Священник содрогнулся от отвращения.
— Я чувствую. Но делать это было необязательно.
Священник беспокойно оглядывал безмолвный и тёмный двор, дёргая носом, словно испуганная мышь, которая отовсюду ждёт опасности.
— Я прочту заупокойные молитвы, но мы должны спешить, — произнёс он, торопливо перекрестился и встал на колени.
Но едва мозолистые колени священника коснулись каменных плит, как Раф схватил его за руку и опять поднял на ноги.
— Как ты думаешь, для чего я открыл гроб? — прошептал Раф. — Ступай вниз, соверши над ним святое соборование.
У священника отвалилась челюсть, как у повешенного.

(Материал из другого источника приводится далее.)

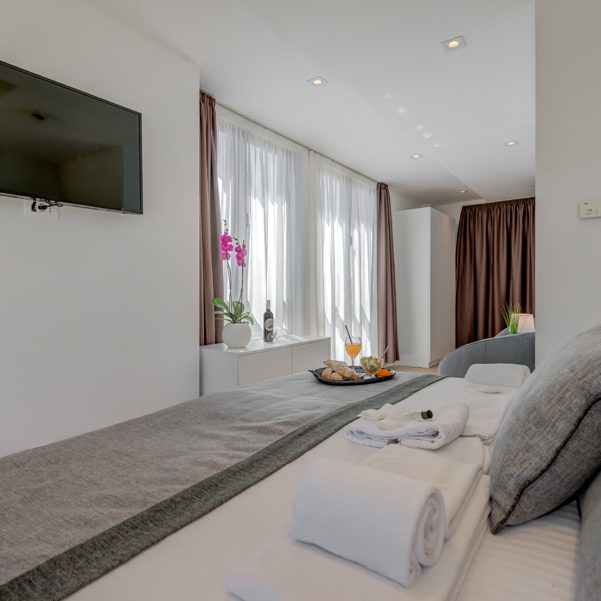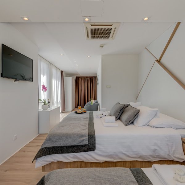 Opremljene su udobnim bračnim krevetom i udobnim krevetom za jednu osobu, flat screen TV-om, hladnjakom, radnim stolom, sefom za vrijednosti, prostranim ormarom te modernom kupaonicom sa tuš kadom što ih čini pogodnima i za duže boravke.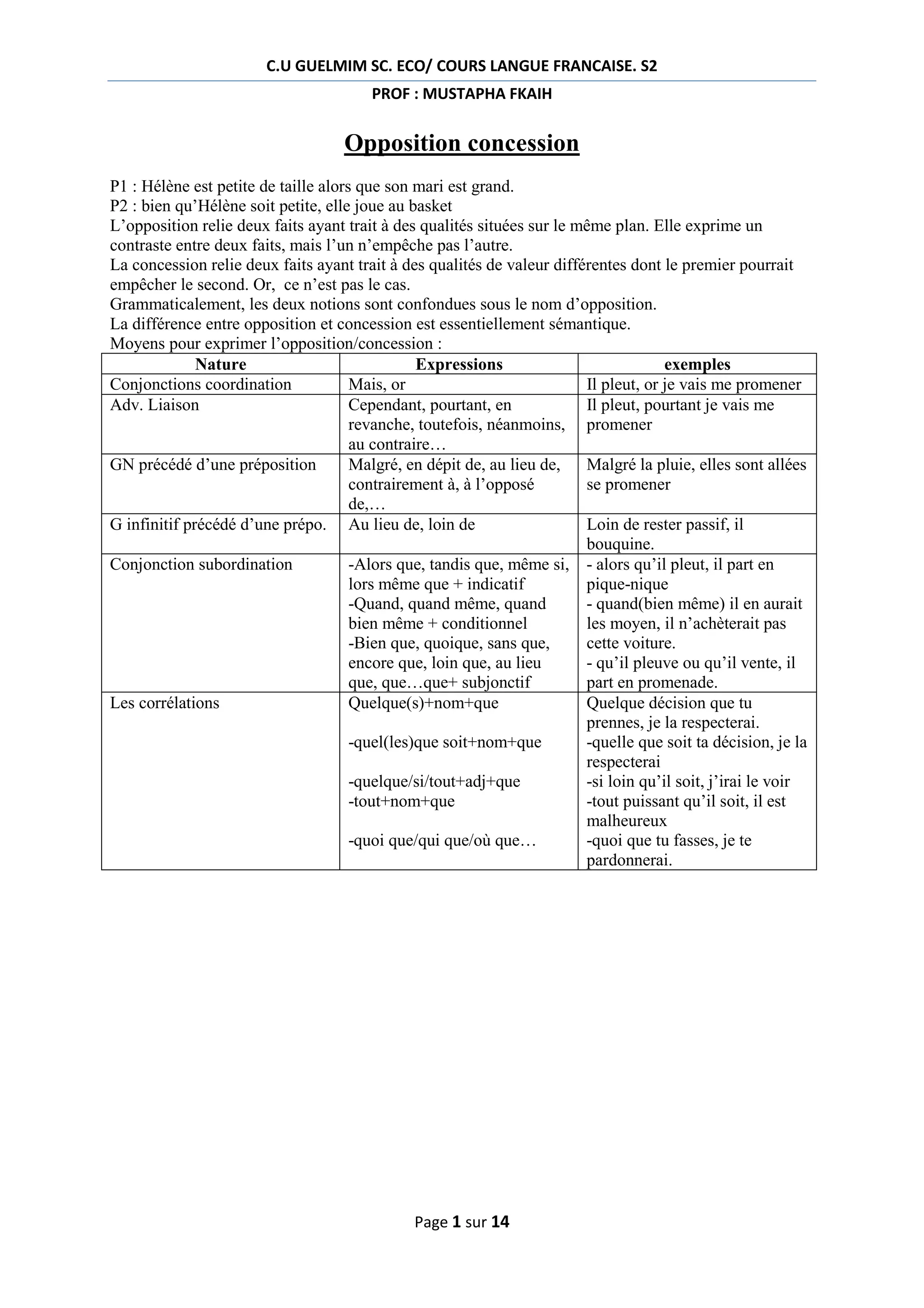 Le document traite de l'opposition et de la concession en français, expliquant les différences sémantiques entre les deux concepts et fournissant des exemples. Il aborde aussi l'expression des hypothèses et des causes, en détaillant les modalités grammaticales et les connecteurs appropriés. Enfin, il évoque l'expression de l'opinion et les pronoms relatifs composés, illustrant chacun de ces points avec des exemples pratiques.

— Нет! Нет! Соборование требуется, если человек болен. Если он умер совсем недавно и его дух витает где-то рядом с телом, это тоже разрешено. Но этот человек мёртв уже несколько месяцев, как ты сам сказал, а если бы не говорил — мой нос засвидетельствовал бы это. К тому же соборование разрешено проводить, лишь когда совершается исповедь и таинство покаяния, или, если умирающий слишком болен, чтобы исповедаться, то когда священник, по крайней мере, уверен, что тот скорбел о своих грехах.
— Джерард жил в постоянном ужасе из-за своих грехов. Ни один человек не испытывал такой скорби о том, что сделал.

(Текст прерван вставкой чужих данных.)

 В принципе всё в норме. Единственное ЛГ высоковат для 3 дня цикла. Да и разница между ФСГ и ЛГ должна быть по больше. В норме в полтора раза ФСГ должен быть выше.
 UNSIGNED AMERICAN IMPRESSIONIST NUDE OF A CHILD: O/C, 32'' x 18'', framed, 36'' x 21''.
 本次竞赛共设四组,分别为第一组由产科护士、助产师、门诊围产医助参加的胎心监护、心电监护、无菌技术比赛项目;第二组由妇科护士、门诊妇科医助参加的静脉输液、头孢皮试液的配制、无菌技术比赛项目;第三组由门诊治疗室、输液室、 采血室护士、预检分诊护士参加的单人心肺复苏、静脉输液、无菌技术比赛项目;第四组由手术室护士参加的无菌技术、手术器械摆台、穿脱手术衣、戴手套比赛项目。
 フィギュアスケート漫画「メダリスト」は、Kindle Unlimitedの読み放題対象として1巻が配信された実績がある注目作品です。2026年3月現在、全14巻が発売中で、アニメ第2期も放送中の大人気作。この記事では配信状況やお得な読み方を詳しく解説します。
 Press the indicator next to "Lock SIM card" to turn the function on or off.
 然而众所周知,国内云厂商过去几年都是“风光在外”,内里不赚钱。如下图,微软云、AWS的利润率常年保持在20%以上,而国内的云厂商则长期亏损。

— Всё это хорошо на словах, — возразил священник, — но как мне это проверить? - И раздражённо добавил: — Всё равно, слишком поздно соборовать тело, так давно мёртвое, и... и кроме того, у меня не осталось елея.
Раф разозлился так, что ему с трудом удалось сдержаться и не вырвать эту тощую лживую глотку.
— Дай мне твою суму, — приказал он.
Человечек инстинктивно покрепче сжал маленькую кожаную сумку, висевшую на поясе, но взглянув на разъярённое лицо Рафа, испугался так, что как только Раф протянул к нему огромную руку, священник дрожащими пальцами отстегнул пояс — смиренно, как невеста, разоблачающаяся по приказу мужа.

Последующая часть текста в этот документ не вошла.